Author: Winter  |  Category: Personal crapola, Tuesday tune, music, relationships, sadness

Today, I have a Tuesday Tune and then I’m gonna get all personal on you.

When people ask me what my favorite Christmas song is, I usually offer up the old carols. The songs I sang in accapella choir. The Boar’s Head Carol, the Coventry Carol, the Holly & the Ivy, Carol of the Bells… you know the stuff. The very old non-commercial stuff. I could tell you all about the Coventry Carol and Lady Godiva and some other stuff, but MEH. No one cares anymore. Everyone likes modern music. Madonna doing Santa Baby. That Mariah Carey song. Aaron Neville.

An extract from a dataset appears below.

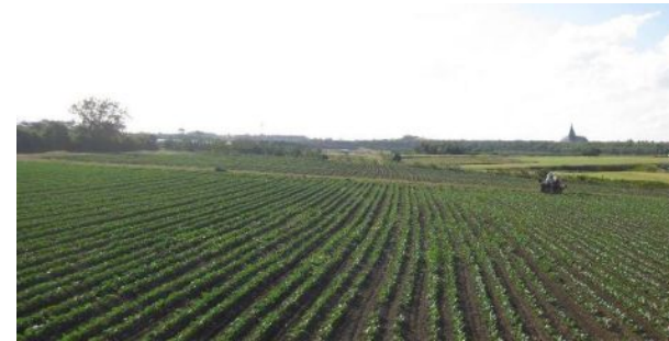
Broccoli fields (Jyoshinden, Awara City)

The greenhouses dotting these hills nurture a wide variety of melons, including earl's melon; koshi no rubi tomatoes, a medi-tomato created through cutting-edge agricultural methods; and a wide variety of other farm produce.

Don’t get me wrong. I like some of ‘em too. Bing Crosby and David Bowie doing the Little Drummer Boy. But the truth of the matter is that in some ways I am a child of the 80’s still. The band that rose to such huge prominence and to this day retains as much respect for their politics as their music holds a place in my heart with their Christmas song.

Last year, I cried for hours. I just wanted Rott. I was so lonely without him. I was worried about him too up in the Sierras in the cold. I wanted things to be like they used to be. Of course, stupid me was thinking back several years instead of just one or two years. Our first Christmas together in Huntington Beach.  The year we were homeless and he brought a tree to the motel on Christmas Eve. I missed just holding him and having him hold me. Last year felt so much like my first Christmas without my parents that I got a little drunk. Couldn’t take the pain.

This year he’s home and all the joy and love that I thought would be there isn’t. It’s been replaced by wariness, caution, fear, trust issues, and a host of the most painful emotions I’ve ever experienced. I’m beset with loss and the man is right there. Things may not be hopeless but at the moment my limboland is painful and painfully barren. I’m not alone like last year, but the loss of so many of my hopes has left me feeling raw and even more lonely than I was last year.

I laughed at myself a few days ago about getting what you wish for. All I could wish for last year was to have him home with me where I knew he was safe and where I could show him that I loved him. This year… I know he’s safe at least. And when he smiles, I can see it. And I know that all this churning emotion at least tells me that I am still alive inside this shell.

And even if we can’t yet cross the chasm between us, and may never be able to, I have those places I can go to in my heart where I can still feel the heat of those memories we made together.  In my mind, Christmas will always be about that night we struggled to decorate a tree that filled a little room and how we laid together in the dark, holding hands, listening to midnight mass on the TV as the lights blinked on that dried out tree.

Sometimes, the best Christmas’s are the ones in your heart.